Indeed, the human brain seems able to compensate for low-level demands—listening to soft rock, chatting lightly with passengers, mulling over work, as shown in real-world research on naturalistic driving from Virginia Tech Transportation Institute (VTTI).
But are we pushing it?
The Brain in Overdrive
Because of what happens in the brain—unknowingly to someone who is driving — distraction works a little differently than other dangerous driving mistakes, such as driving while intoxicated. Alcohol and drugs slow the entire nervous system and impair judgment in ways that a driver cannot turn off or compensate for (you cannot decide not to be drunk once you are inebriated). But some drivers may believe distraction is harmless, all the while taking eyes off the road, hands off the wheel and mind off the drive.

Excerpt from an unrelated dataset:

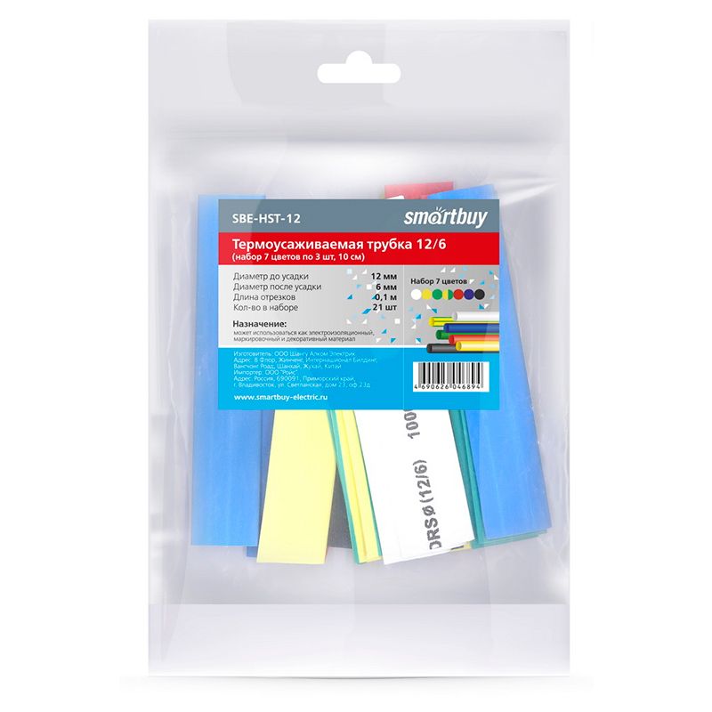 термоусадочных трубок диаметром 12 мм. Трубки выполнены в разных цветах и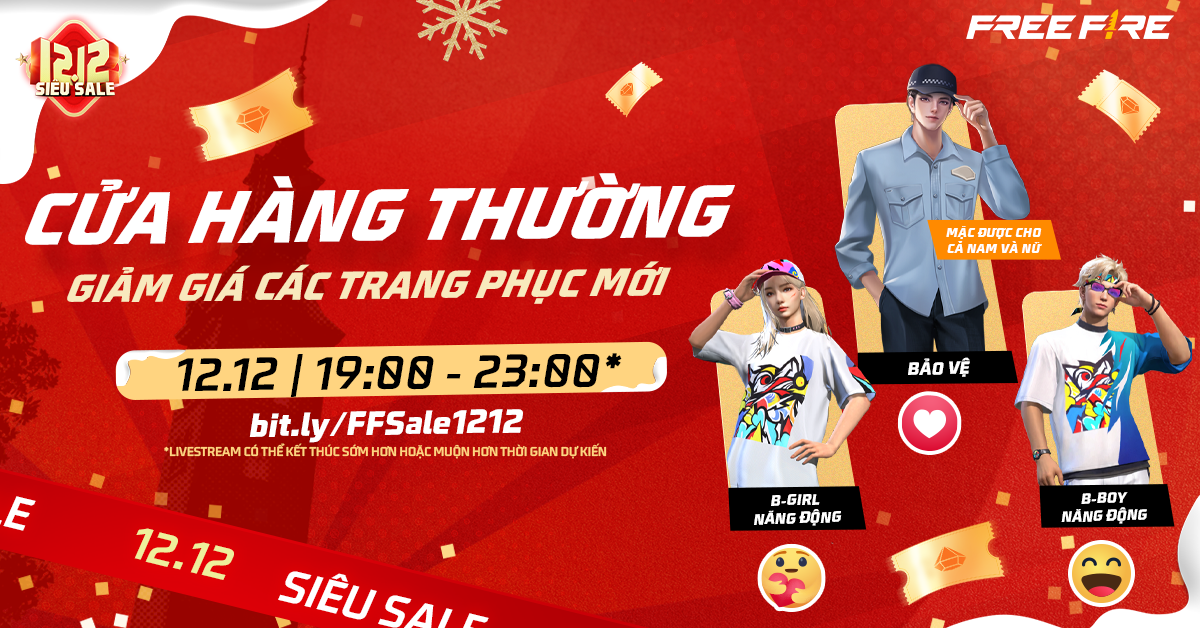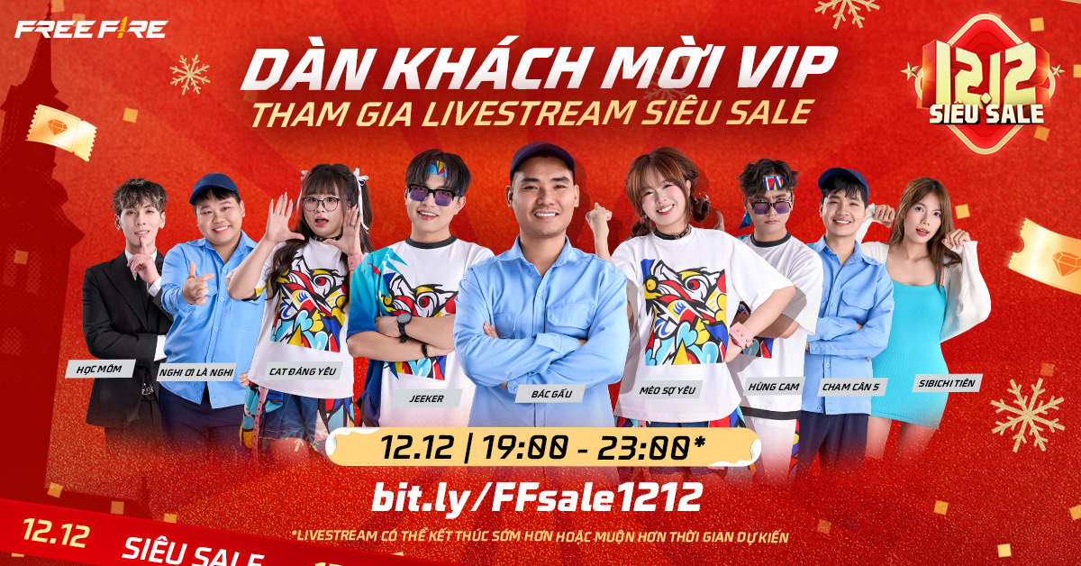 Theo dõi toàn bộ Livestream Siêu Sale từ 19:00 đến 23:00 ngày 12/12 tại trang web bit.ly/FFsale1212 và tại Tik Tok Garena Free Fire VN

But as scientific and statistical studies together have shown, distractions can turn otherwise conscientious drivers into little more than crash-test dummies.
Strayer’s lab, for example, claims that driving and talking on a cell phone may compete for the same neural circuitry.
It could explain why, in simulated driving, cell phone conversations lead to worse driving than talking to a passenger.
Some scientists, such as Strayer, theorize that talking to someone not physically present may ignite your imagination, causing you to picture mental images that interfere with spatial processing, or your ability to size up what’s around you (kind of important in driving).
According to Strayer, eye-tracking studies show that undistracted drivers scan the world from side to side for input, but cell-phone drivers tend to stare straight ahead, not changing their glance patterns when needed. Glazed, somewhat dazed, “they look but don’t see,” he says.
It Goes Beyond Gadgets
It’s also not just cell phones and other “interactive” gadgets that compete for a driver’s attention. Strong emotions can distract. (After a divorce for example, crash rates are known to increase.)
Dr. Marcel Just, a professor at Carnegie Mellon University’s Center for Cognitive Brain Imaging, found that listening to spoken sentences dampened activity in certain parts of the brain. In his laboratory studies, people simulating driving while listening to spoken sentences had more “virtual” crashes and also veered more from the lane, compared to simulated driving with no listening.
“Technology that’s in the car but not related to driving,” Just notes, “is enabling risk that people greatly underestimate.”
Texting, for example, wins the toxic trifecta by taking eyes, hands and minds away from driving all at once. A Virginia Tech study showed that texting is 23 times (that is 2,300 percent) more likely to result in a crash than ordinary baseline driving.
There are other high-risk combinations. Dr. Young points out that if alcohol and drowsiness each make a driver four times more likely to crash than normal, together they raise the odds to 16 times more likely.
What does it all mean? Driving distracted just isn’t worth the risk.
Rachel Adelson writes about technology and the science of behavior from her office near Toronto. Within an hour of finishing this story, she found herself driving behind someone putting on mascara at the wheel.